Perché? Non necessariamente, è una cosa che attraversa tutti i discorsi in modi differenti …
Intervento: deve richiamare l’attenzione dell’altro ciascun discorso …
In modi differenti: il discorso ossessivo attira l’attenzione sottraendosi, il discorso isterico mostrandosi, il discorso paranoico imponendosi. Eleonora, fai un riassunto poche parole l’essenza della questione …
Intervento: ciò che funziona è …
Se hai bisogno di essere vezzeggiata questo è funzione del riscatto e allora è il riscatto che interessa quindi occorre ricondurre ciascuna cosa a quello che è, cioè atti linguistici, nient’altro che atti linguistici, sequenze di proposizioni, quante volte l’abbiamo detto, non c’è nient’altro che questo, sequenze di proposizioni. Per esempio un film digitale di fatto non è fatto da nient’altro che da sequenze di caratteri macchina e se uno si scorre tutti i caratteri macchina non è che sia così divertente, però messi insieme in un certo modo producono storie, racconti, musiche, evocano scene, producono emozioni, ma in realtà sono caratteri macchina, nient’altro che questo, l’analista è colui che non può non sapere in ciascun istante che si tratta di caratteri macchina, per seguire questo esempio, mentre la persona invece immagina che ciò che vede nel film sia tutto ciò che c’è non ci sia nient’altro, quindi vive di queste cose ma senza sapere assolutamente di che cosa sono fatte …
Intervento: infatti la questione dei famosi filmini di cui parliamo ogni tanto, non ha mai destato un grande interesse, come può essere che la persona si proietti, riveda l’innamorato? tutte le cose che ha fatto o che vorrebbe fare con lui … considera soltanto la malattia per esempio nella depressione, non tutti quei filmini che la persona si proietta, che il suo pensiero effettivamente costruisce come un digitale, come il prodotto di 0/1 falso vero … le immagini, i film sono tutti prodotti dal pensiero, dall’automatismo che c’è nel pensiero … secondo me Freud inventando la psicanalisi proprio con le isteriche, in cui i filmini sono il teatro personale delle persone, Freud si è accorto del pensiero che produce queste immagini, queste scene, non è riuscito ad arrivare al linguaggio come invece siamo riusciti noi dando delle risposte ben precise a tutto questo però direi che l’interesse principale per esempio per Freud che ha inventato proprio sulle isteriche, su Anna O. per esempio, tutte quelle conversioni psichiche, somatiche per cui un certo sintomo …

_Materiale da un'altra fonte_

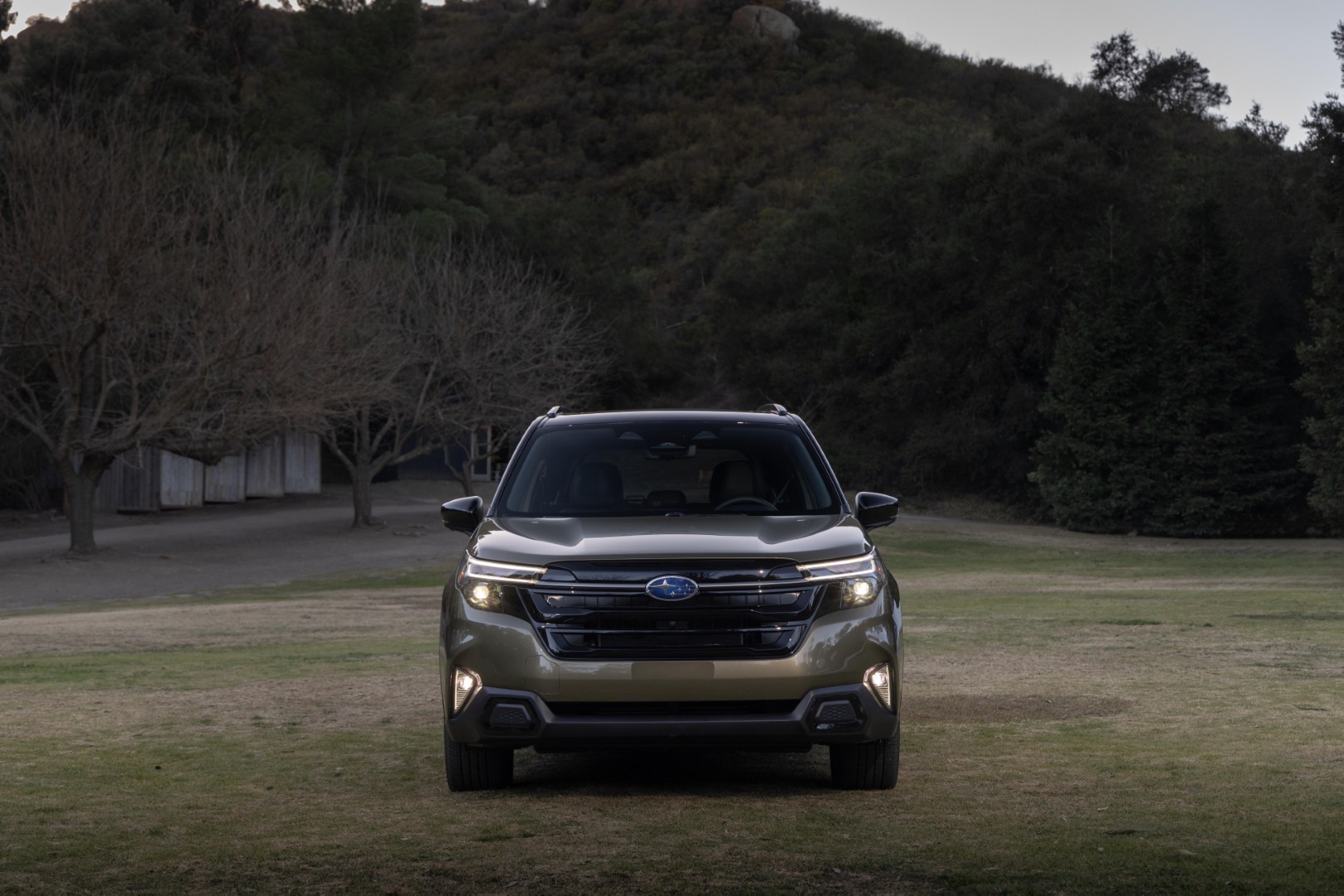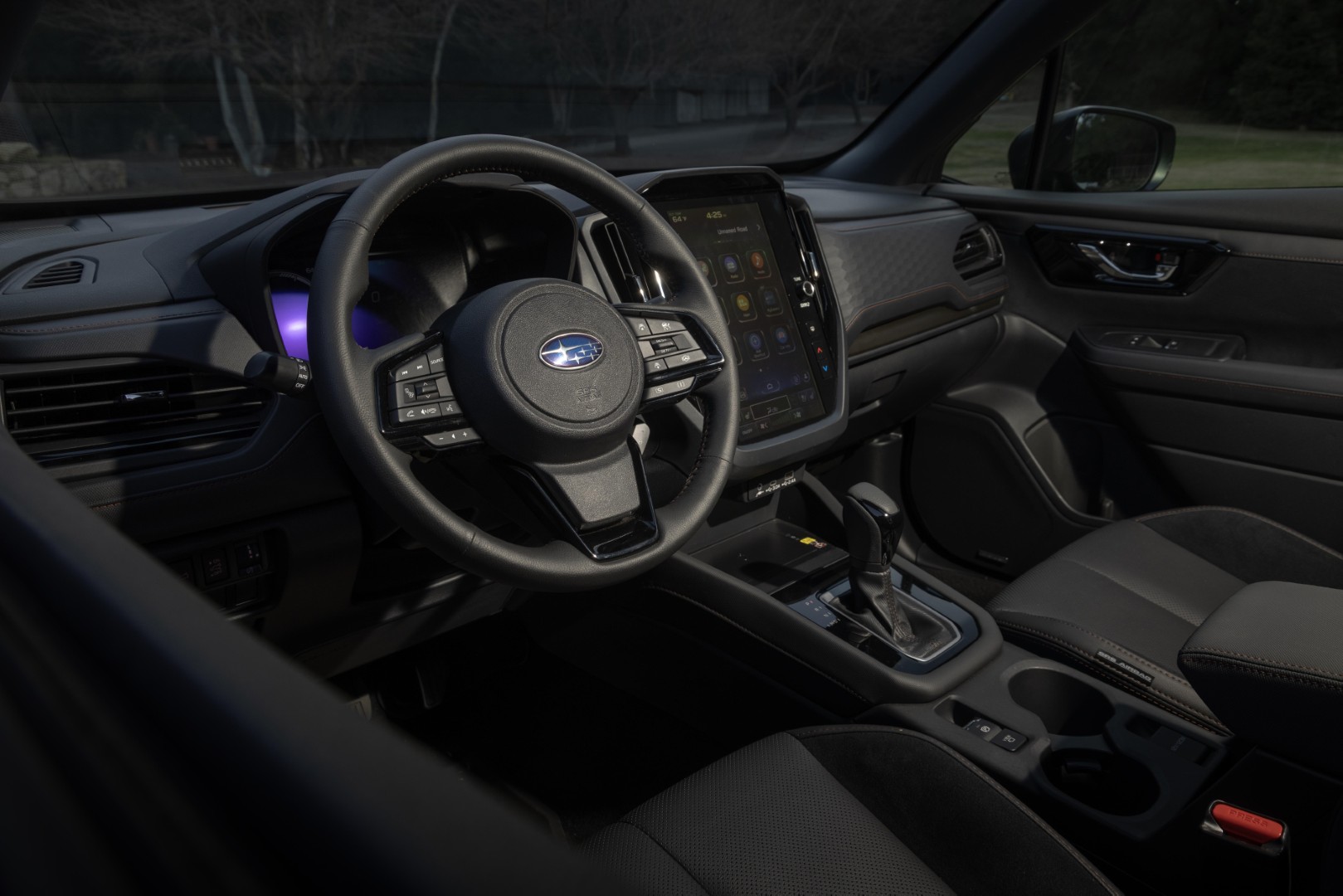 Una parrilla más ancha y vertical incorpora luces diurnas ultrafinas sobre faros LED que se envuelven en los salientes más pronunciados de los guardabarros. Subaru afirma que ningún panel de la carrocería ni de vidrio es igual en el modelo 2025.

Arriviamo alla questione …
Intervento: lui negli “Studi sull’isteria” per esempio diceva che era arrivato ad intendere delle questioni che nessuno mai aveva immaginato potessero esistere, però s’è fermato all’inconscio, si è fermato a quello che sappiamo essere i tic della sua teoria perché non è riuscito ad andare oltre, non è arrivato al linguaggio che rende conto per esempio dei filmini dell’isteria oppure della paranoia riuscendo proprio a portare all’estremo quella che è una struttura di pensiero che interroga tutte le questioni siamo riusciti a intendere e a costruire o … se non c’è, come diceva lei prima, questo lavoro per cui il linguaggio diventa sempre più importante, si arriva, si costruisce una scena e si dice che questa è la causa di tutti i mali però non si può andare assolutamente oltre.
No, certo. Va bene, ci vedremo martedì sera in libreria.